# Xiao Hong Quan application



## Mr. President (Jun 12, 2013)

This video shows an Indian Wuseng known as Kanishka Sharma with combat application of Xiao Hong Quan. He says that after you learn the whole routine, it's a matter of taking bits of it to apply to any combat situation. 

Is that true for other forms of Shaolin fist? Do you learn whole routines and then apply them at your discretion?


----------



## clfsean (Jun 12, 2013)

Mr. President said:


> This video shows an Indian Wuseng known as Kanishka Sharma with combat application of Xiao Hong Quan.



Yep... one of my old students that lives in New Dehli told me about him.



Mr. President said:


> He says that after you learn the whole routine, it's a matter of taking bits of it to apply to any combat situation.



Means he listened & learned.



Mr. President said:


> Is that true for other forms of Shaolin fist? Do you learn whole routines and then apply them at your discretion?

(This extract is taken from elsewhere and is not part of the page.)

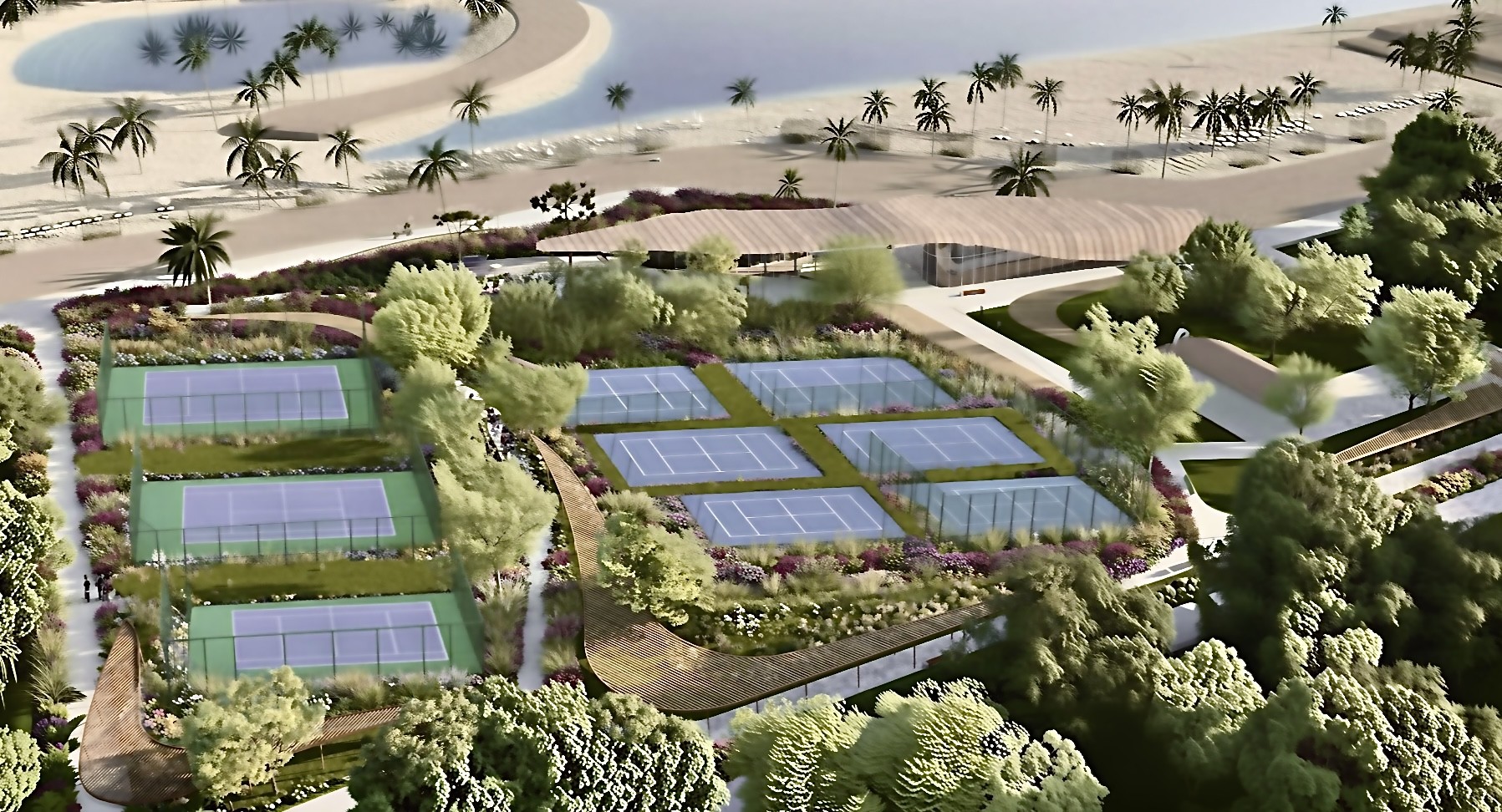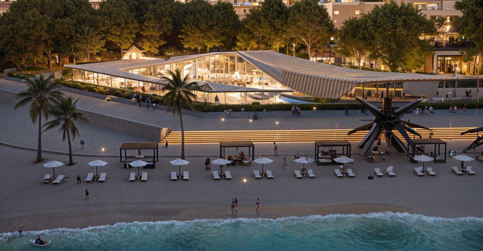 night view with intrestin lighitng in the same image the same with exactly waves lines form in roof style architect s elements and composition add in the same landscape better and qualificator elements beach umbrellas minimal yachts marine better vegetation and benches and roof from copper warm metal mirror effect stripes view with the same roof with texture from glossy copper metal mirror effect in curves stripes add more and more people in the square of roof building restaurant and more beaches people in sais longs atmosphere golden hour athens riviera weather and another yachts maximising the audience clients in peogect

No... in my experience, a*ll *martial arts are like that when forms are taught. Forms are collections of techniques. How/when you learn the application is up to your teacher, but *all forms *are meant to be dissected & applied when/how necessary. Why train one way to fight with nothing like what you've been learning?


----------



## Xue Sheng (Jun 12, 2013)

clfsean said:


> No... in my experience, all martial arts are like that when forms are taught. Forms are collections of techniques. How/when you learn the application is up to your teacher, but all forms are meant to be dissected & applied when/how necessary. Why train one way to fight with nothing like what you've been learning?



I only have one thing to add to that and that is this, every form/posture you see/learn can have multiple applications and even the transitions between postures can have applications or be part of the overall applications


----------